Cumhurbaşkanı Erdoğan, yayın öncesi Trump ile görüştü. Erdoğan-Trump görüşmesinde, ikili meselelerin yanı sıra Libya krizi başta olmak üzere bölgesel gelişmeler ele alındı.

Cumhurbaşkanı Erdoğan TRT ortak yayınında görüşmenin detaylarını da anlattı. 

Cumhurbaşkanı Erdoğan’ın konuşmasından öne çıkanlar: 

Koronavirüsle mücadele

Koronavirüs musibeti sadece Türkiye’yi değil tüm dünyayı etkiledi. Bunun bir çok yönlü meydana getirdiği zararlar var. Başta ABD olmak üzere, Rusya, Çin büyük zararlar gördü. ABD’de 45 milyon işsizden bahsediliyor. Türkiye’de hamdolsun biz kendi durumumuza baktığımızda Türkiye dünyada bir numara. Büyümede 4,5 gibi bir oranı yakalamak üzere. Terörle mücadele de de salgınla mücadeledeye de devam ediyoruz. 102 ülkeye yardımlar gönderdik. 

“Sağlık turizmiyle mevsimlik turizmdeki açığımızı kapayacağız”

Yeşilköy’deki havalimanımızın bir bölümünü kalktık 45 günde biz burayı 1008 odalı hastane olarak yapalım dedik. Yüklenici firma iki hastaneden birini de üstlendi. Diğerini de Sancaktepe’de yaptık. Askeri havalimanının yanına yapalım dedik, 1008 odalı oraya da onu yaptık. En ileri teknolojiyi kullandık. Bunlarda 16’şar ameliyathane var. İstenildiğinde bu odalar yoğun bakıma dönüştürülebiliyor. Murat Dilmener Çapa’da duayen bir hoca. Bu hocamızın koronada ölmesi buna bir farklılık arz ediyor. Bütün talebeleri bize telefon üstüne telefon ederek teşekkür etti. Aynı şekilde ok meydanındaki şehir hastanesini de orayı da Cemil Hoca’nın adını oraya verdik. Cemil Taşçıoğlu aynı zamanda benim hemşerim. Çapa’dan olumlu sesler getirdi. Hadımköy’de İsmail Niyazi Kurtulmuş abimizin adını verdik. Şehir hastanelerini genişleterek devam ettiriyoruz. 11 şehir hastanemiz oldu. Bunların hava ulaşımıyla entegre oluşu sağlık turizminde bir patlama meydana getirecek. Sağlık turizmiyle mevsimlik turizmdeki açığımızı da kapayacağız. Yurt dışından hastalar gelmeye başladı hemen. 

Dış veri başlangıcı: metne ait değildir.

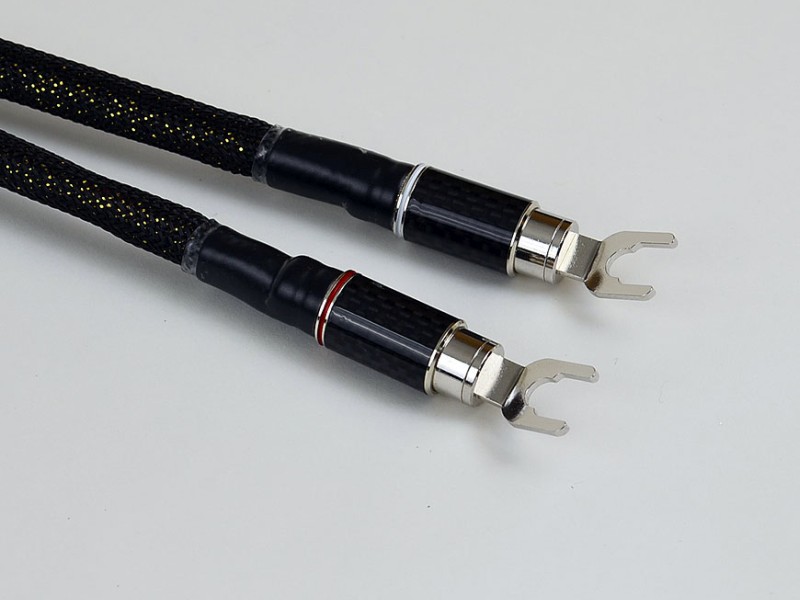 Кабель разработан и произведён вручную в США, может комплектоваться лопатками или бананами с контактами из теллуровой меди с двухслойным серебряно-родиевым покрытием и корпусом со вставкой из карбонового волокна.

“Maske, mesafe, temizlik…”

Maske, mesafe, temizlik… Bu üç kavrama çok dikkat edin. Maske ihmal etmeyin. Kapalı mekanda kesinlikle maskenizi takın. 1,5 kesinlikle bu mesafeyi koruyalım. Elimizi bir yere sürdük hemen yıkayalım veya dezenfekte edelim. Bunu yapalım ki başımıza iş almayalım. Buradaki tedbirlerimiz ele alınırsa kısa zamanda 65 yaşındaki abilerim bu işlerden zarar görmeyecektir. Gençlerimiz nasıl olsa bize bir şey olmaz demesin. Bu hafta sonu yapılanlar doğru şeyler değil. Meydana gelen bir olayda bu işi telafi edemezsin. Bu işin telafisi zor, bu farklı bir virüs. Buna karşı tek çare ‘maske, mesafe, temizlik’ bunlara dikkat edilmesi gerekiyor.

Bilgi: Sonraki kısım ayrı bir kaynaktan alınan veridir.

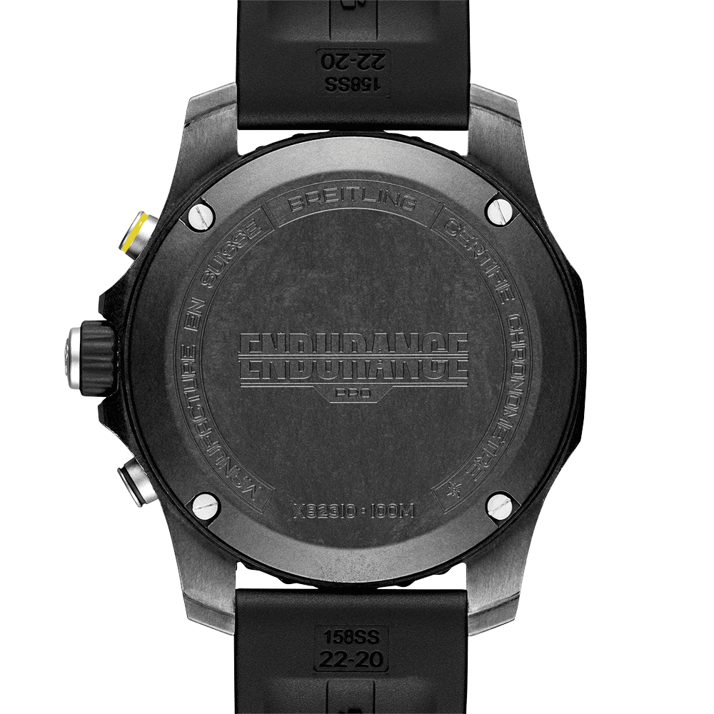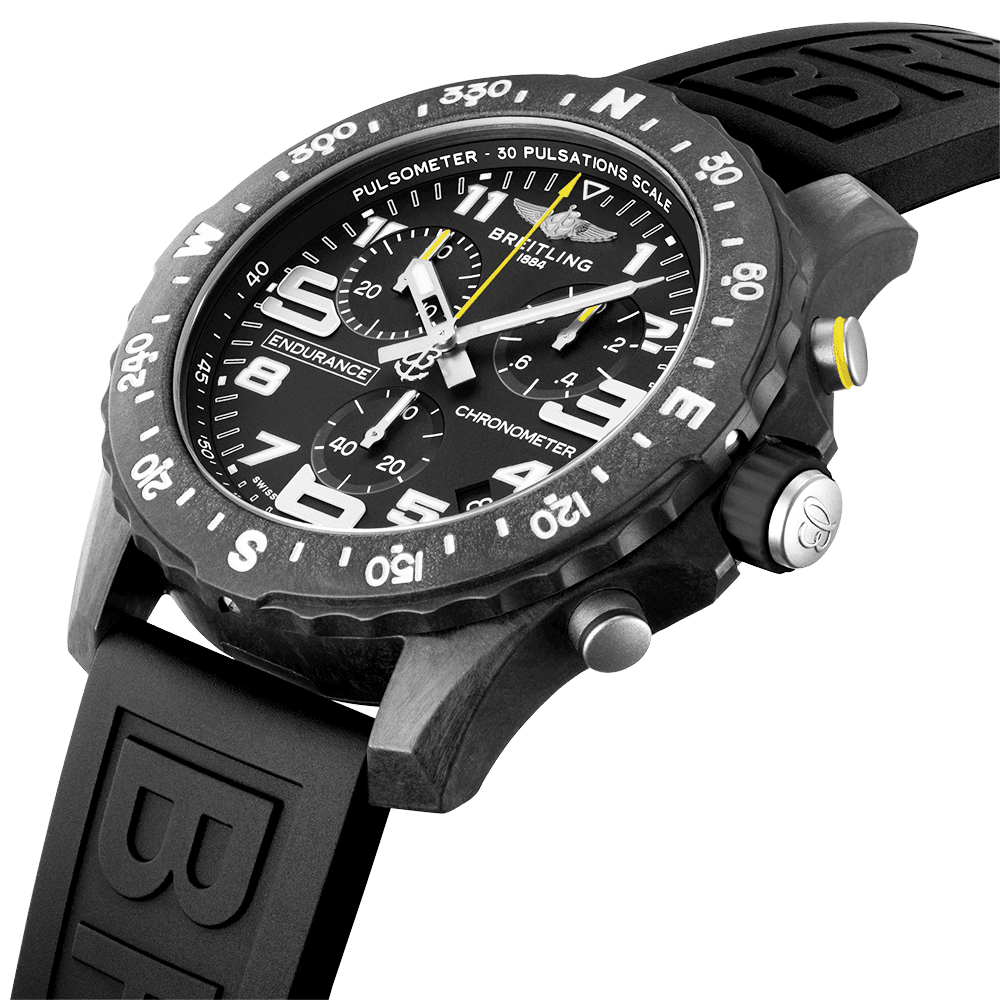 BreitlingEndurance Pro 44mm Breitlight Black Rubber Strap Men's Watch X82310E51B1S1. Breitlight 44mm case and bezel all on a deep black Diver Pro III rubber strap. This men's watch has a black dial with date display at the 4:30 o'clock position. Water resistant up to 100m and sapphire crystal glass. Breitling 82 SuperQuartz movement.

[Türkiye’nin koronavirüsle mücadelesi] Cumhurbaşkanı Erdoğan: Her şeyi serbest bıraktık diye bu iş bitti anlamına gelmez.

Yerleştirilmiş video

Bugünün rakamlarına baktığımız zaman vaka düştü, vefat 19, yoğun bakımda 624, entübe 261, bugün iyileşenlerin sayısı güzel 3 bin 411 test 39 bin 361. Vefatı ne kadar sıfırlamaya doğru gidersek daha mutlu olacağız. 

“Biz vatandaşlarımıza ilaçlarını ücretsiz vermeye devam ediyoruz”

Türkiye’de üniversite olmayan ilimiz kalmadı. Çok lüks hastaneler yaptık. Vatandaşımıza ücretsiz ilaç veriyoruz. Biz böyle bir zamanda vaka ölüm oranına bakıyorsunuz yüzde 2 civarında. Fransa’da bu yüzde 18 ama dinlediğin zaman kendisini havasından geçilmiyor. Durum hamdolsun bizde çok farklı seyretti hala da böyle seyrediyor. Biz vatandaşlarımıza ilaçlarını ücretsiz vermeye devam ediyoruz. Bundan sonra da böyle yapmaya devam edeceğiz. Eğer bu ülkenin Cumhurbaşkanı isem sorumluluğumun altında bu yatıyor. Kalkıp da ‘kenarda köşede bir hasta var ne olursa olsun’ diyemeyiz. 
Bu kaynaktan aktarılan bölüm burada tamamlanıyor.